- _Recorded information_
══════════════════════════════
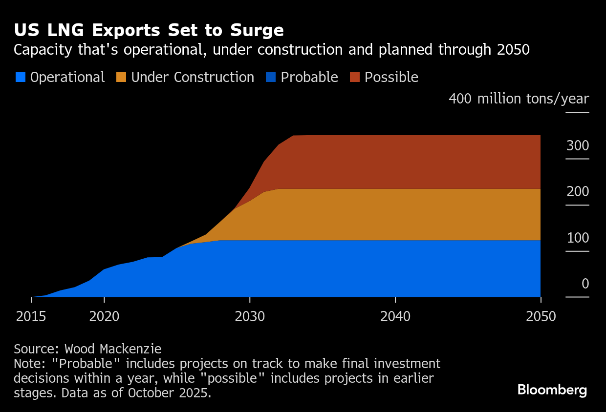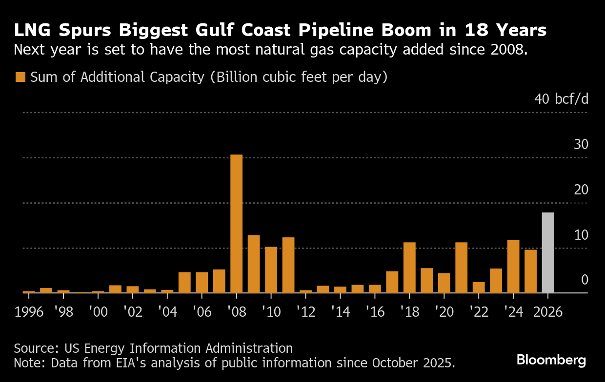 The surge of projects expected to come online in 2026 won’t be a single-year blip. A similar amount of pipeline capacity is on pace to be added to the Gulf Coast in 2027, according to a Bloomberg analysis of US Energy Information Administration estimates.
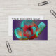 A business card featuring an unusual digital art patter of a magnolia flower in metallic shades of turquoise blue and red, on a shaded lilac / purple background
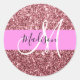 Die Glitzern Rosa Rosa Rosa Rosa Rosa und Glam Rosa Rosa Rosa Rosa Glitzer, Monogramm Name und Original Klassischer Rundaufkleber. Individuelle Name und Monogramm sind in einem handgeschriebenen, eleganten Skript mit rosa Hintergrund geschrieben. Sie können die Textfarbe, den Schriftart und die Schriftgröße mit der Option Anpassen ändern.
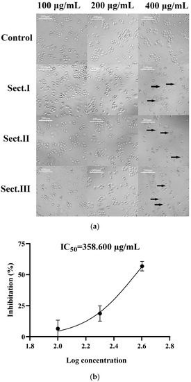 (a) Effects of ultra-filtration components in hemolymph of A. chinensis on SGC-7901 cells after 48 h treatment. Control: cell group without drug; Sect. I: molecular weights of the section < 3 kD; Sect. II: molecular weights of the section between 3 kD and 50 kD; Sect. III: molecular weights of the section > 50 Kd, the cells indicated by the arrow are morphologically altered cells. (b) IC50 curve fitting of Sect. II.
══════════════════════════════
- _What the task requires_
Put down exactly the lines of the data above that run from its first line through the line bearing "Die Glitzern Rosa", and no pictures.

- _Exercise answer_
 The surge of projects expected to come online in 2026 won’t be a single-year blip. A similar amount of pipeline capacity is on pace to be added to the Gulf Coast in 2027, according to a Bloomberg analysis of US Energy Information Administration estimates.
 A business card featuring an unusual digital art patter of a magnolia flower in metallic shades of turquoise blue and red, on a shaded lilac / purple background
 Die Glitzern Rosa Rosa Rosa Rosa Rosa und Glam Rosa Rosa Rosa Rosa Glitzer, Monogramm Name und Original Klassischer Rundaufkleber. Individuelle Name und Monogramm sind in einem handgeschriebenen, eleganten Skript mit rosa Hintergrund geschrieben. Sie können die Textfarbe, den Schriftart und die Schriftgröße mit der Option Anpassen ändern.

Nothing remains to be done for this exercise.